- _Required action_:
With the pictures left out, print exactly the lines below that run from the one containing "随后,徐静副校长与德州市第九" through the one containing "Booking Holdings CEO".

- _Extracted information_:
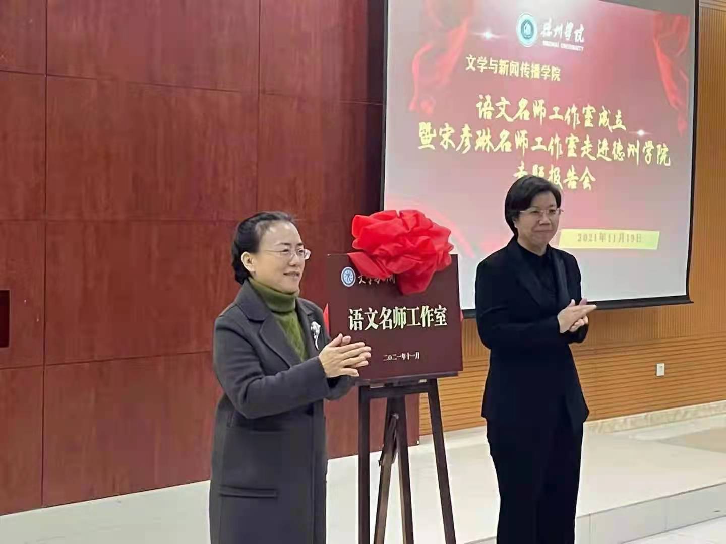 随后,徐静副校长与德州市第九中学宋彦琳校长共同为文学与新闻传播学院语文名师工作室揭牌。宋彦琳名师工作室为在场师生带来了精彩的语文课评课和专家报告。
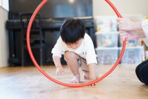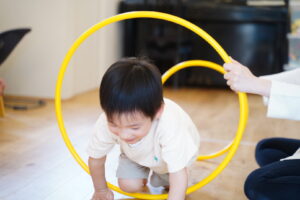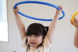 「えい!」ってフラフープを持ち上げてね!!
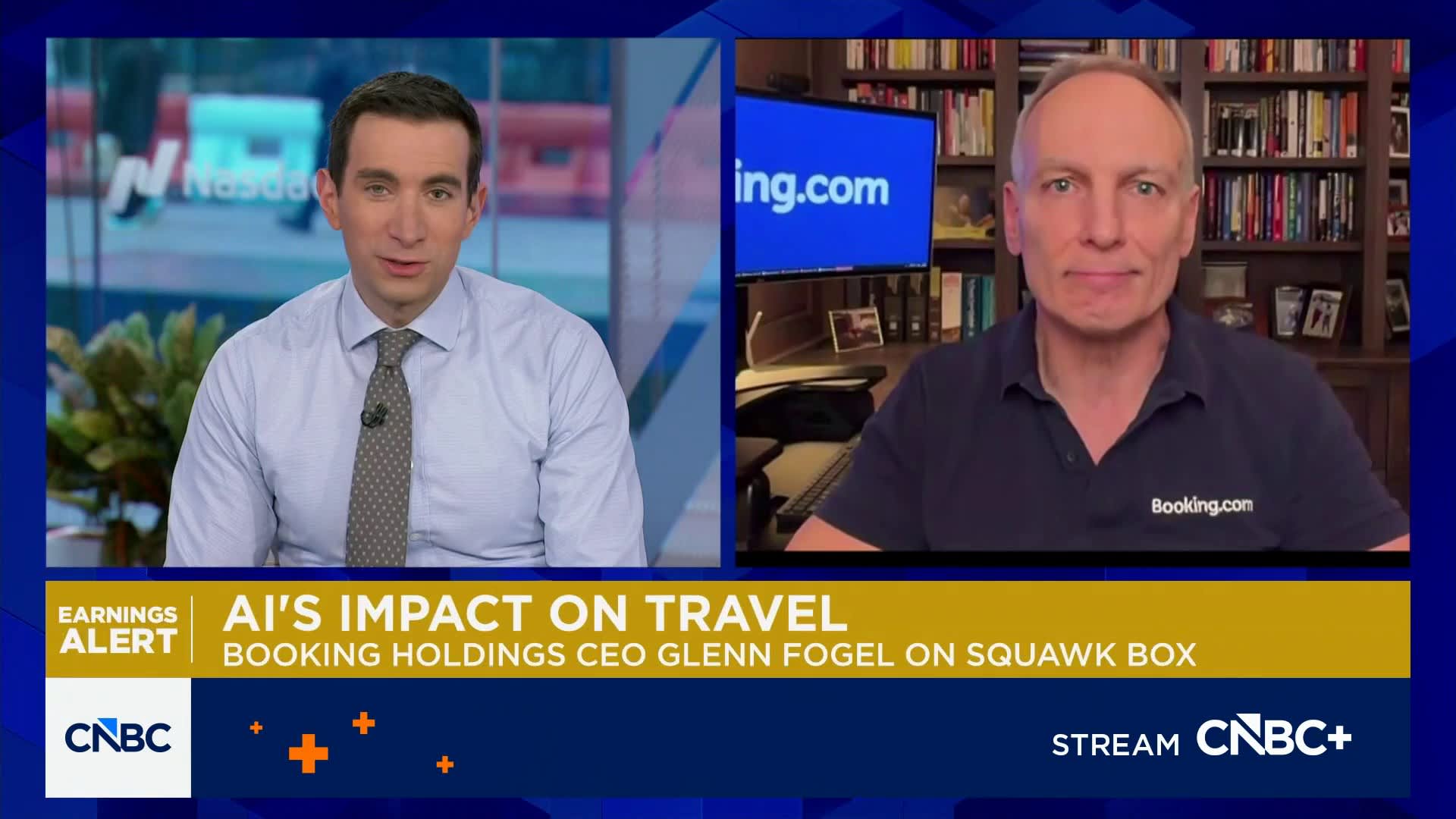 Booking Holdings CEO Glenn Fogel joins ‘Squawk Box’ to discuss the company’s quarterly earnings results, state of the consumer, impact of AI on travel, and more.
* * *
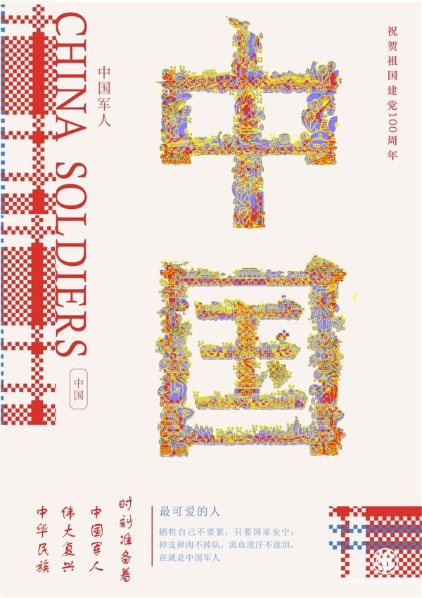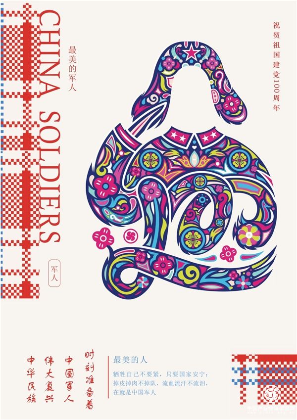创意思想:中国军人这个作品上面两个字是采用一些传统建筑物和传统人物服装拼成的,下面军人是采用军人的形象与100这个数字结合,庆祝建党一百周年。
---
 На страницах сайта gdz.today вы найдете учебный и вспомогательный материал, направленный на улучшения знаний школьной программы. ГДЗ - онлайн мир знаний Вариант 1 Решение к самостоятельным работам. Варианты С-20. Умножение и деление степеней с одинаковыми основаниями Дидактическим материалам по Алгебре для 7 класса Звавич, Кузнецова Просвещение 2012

- _Answer to this task_:
 随后,徐静副校长与德州市第九中学宋彦琳校长共同为文学与新闻传播学院语文名师工作室揭牌。宋彦琳名师工作室为在场师生带来了精彩的语文课评课和专家报告。
 「えい!」ってフラフープを持ち上げてね!!
 Booking Holdings CEO Glenn Fogel joins ‘Squawk Box’ to discuss the company’s quarterly earnings results, state of the consumer, impact of AI on travel, and more.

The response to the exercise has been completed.